Condition of bayonet is very good, though the blade is relatively thick, and has a 45 degree grind to both sides of the edge. There are no nicks in the blade, and it appears to have not really been used. Last ditch bayonets in this condition are extremely rare, as most were discarded, and they were generally not well made and broke often. Burlap scabbards like this are almost never seen, due to the material breaking down over the decades. Scabbard is in great shape, though it does have some age staining and wear. There originally would have been a leather frog on the back, but this has deteriorated and broken off.

A great chance to pick up a rare "last ditch" Japanese bayonet, ready to display!

History of the Type 30 Bayonet-

The Type 30 bayonet (三十年式銃剣 sanjunen-shiki juken) was a bayonet designed for the Imperial Japanese Army to be used with the Arisaka Type 30 Rifle and was later used on the Type 38 and Type 99 rifles. Some 8.4 million were produced, and it remained in front-line use from the Russo-Japanese War to the end of World War II.

Type 30 Bayonet was a single-edged sword bayonet with a 400 millimeters (15.75 in) blade and an overall length of 514 millimeters (20.24 in) with a weight of approximately 700 grams. The Type 30 bayonet is also known as the "Pattern 1897 bayonet". Early Type 30 bayonets usually sported a hooked quillon guard that gave it a distinct look, but later models had a straight hand guard. This bayonet is of the Late War design, with a straight quillon, with a roughly contoured "birds-head" pommel. The rivet-retained wooden grip is rectangular, and does not wrap around the tang. The blade is flat without fullers and blued, and the crossguard is straight but still contoured on the side. This configuration matches the last type produced at several different arsenals.

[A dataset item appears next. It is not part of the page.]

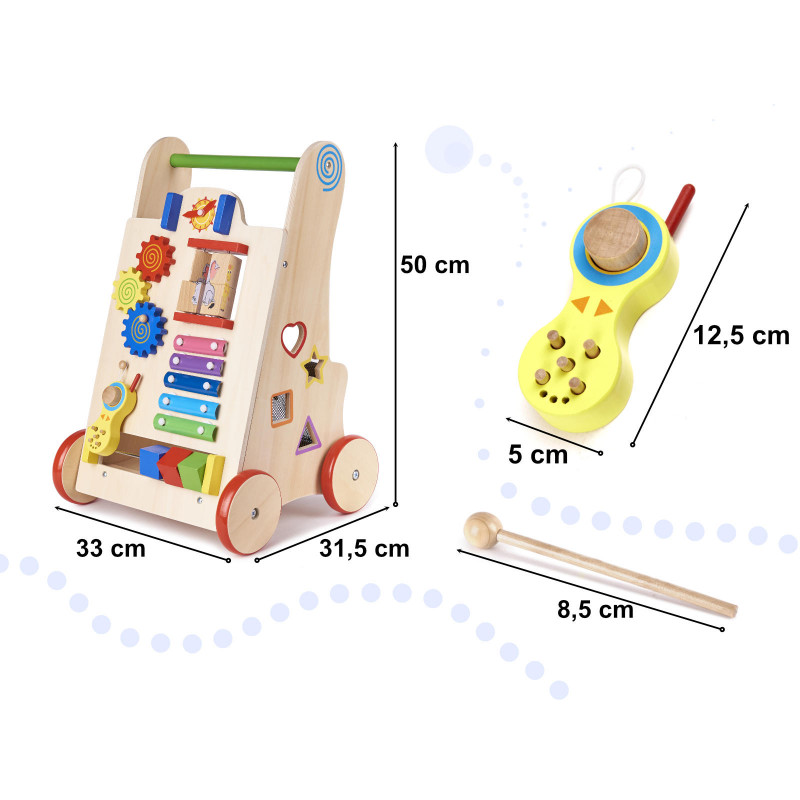Scurta descriere Antemergatorul din lemn pentru copii este o jucarie multifunctionala care ajuta la primii pasi si ofera activitati interactive pentru dezvoltarea abilitatilor motorii si cognitive.

The design was intended to give the average Japanese infantryman a long enough reach to piece the abdomen of a cavalryman. However, the design had a number of drawbacks, some caused by the poor quality of forgings used, which tended to rust quickly and not hold an edge, and to break when bent.

These bayonets were manufactured from 1897 to 1945 at a number of locations, including the Kokura Arsenal, Koishikawa Arsenal (Tokyo) and Nagoya Arsenal, as well as under contract by private manufacturers including Matsushita, Toyoda Automatic Loom and many others, including Jinsen Arsenal in Occupied Korea. Towards the end of the war, production was so rushed that markings could be left off.